■ PROBLEM ■
The response should consist only of the lines from the one with "SOUP students at the National Scout Camp." to the end of the data below, copied exactly and without pictures.
── DATA TO PROCESS
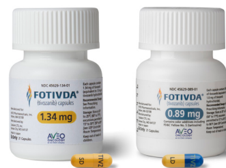
Actual pill size may differ
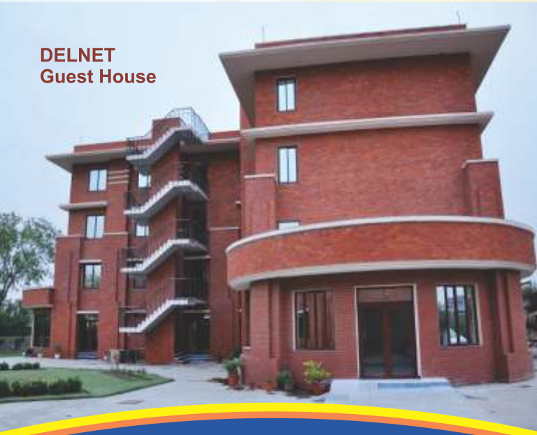
DELNET Guest House

For a new membership, the payment of ₹19,470/- may kindly be sent through a DD to be drawn in favour of “DELNET” and payable at New Delhi. Payment can also be sent through NEFT/Netbanking/IMPS/UPI, etc. Please note that the DELNET membership is valid for 365 days from the date of activation and needs to be renewed annually by making a payment of ₹13570 to DELNET.
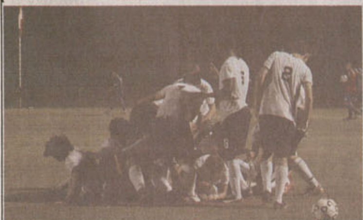
The team piles up in celebration over the 2-1 win.
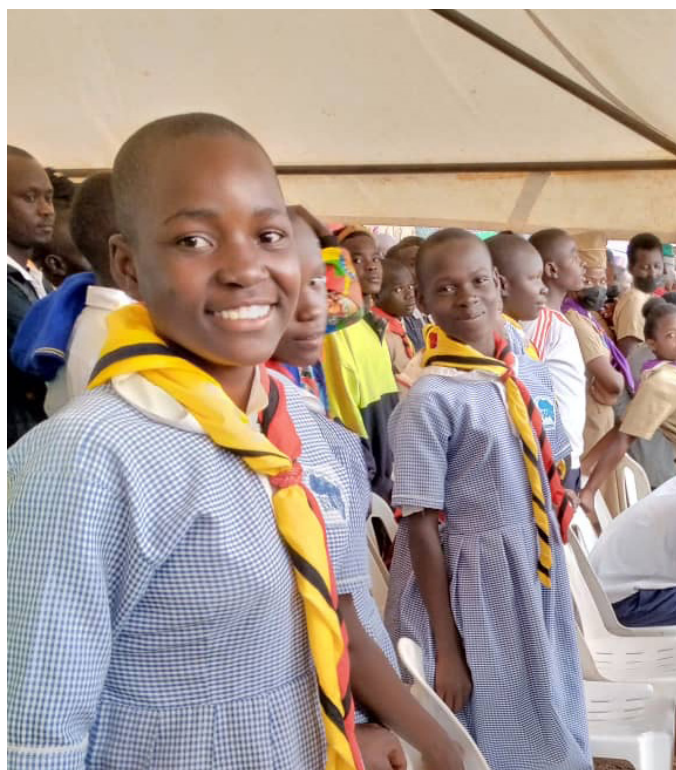
SOUP students at the National Scout Camp.
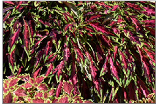
Spitfire Coleus foliage
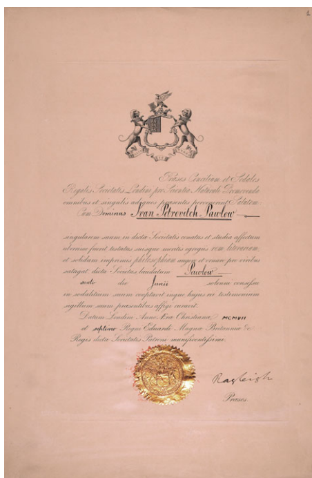
Figure 3. Certificate of the election of Ivan Pavlov as a foreign member of the Royal Society, 1907.
────
■ THE ANSWER ■
SOUP students at the National Scout Camp.
Spitfire Coleus foliage
Figure 3. Certificate of the election of Ivan Pavlov as a foreign member of the Royal Society, 1907.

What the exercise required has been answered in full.